Extinct species of dinosaurs

Balaur bondoc is a species of paravian theropod dinosaur from the late Cretaceous period, in what is now Romania. It is the type species of the monotypic genus Balaur, after the balaur (/ro/), a dragon of Romanian folklore. The specific name bondoc (/ro/) means "stocky", so Balaur bondoc means "stocky dragon" in Romanian. This name refers to the greater musculature that Balaur had compared to its relatives. The genus, which was first described by scientists in August 2010, is known from two partial skeletons (including the type specimen). Some researchers suggest that the taxon might represent a junior synonym of Elopteryx.

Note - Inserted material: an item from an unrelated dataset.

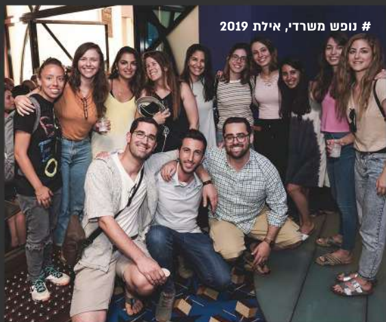
# נופש משרדי, אילת 2019

Fossils of Balaur were found in the Densuș-Ciula and Sebeș Formations of Cretaceous Romania which correspond to Hațeg Island, a subtropical island in the European archipelago of the Tethys sea approximately 70 million years ago. Hațeg Island is commonly referred to as the "Island of the Dwarf Dinosaurs" on account of the extensive fossil evidence that its native dinosaurs exhibited island syndrome, a collection of morphological, ecological, physiological and behavioural differences compared with their continental counterparts. Examples included island gigantism of Hatzegopteryx, island dwarfism of the titanosaur Magyarosaurus dacus, and a reduction in flight capacity in Balaur.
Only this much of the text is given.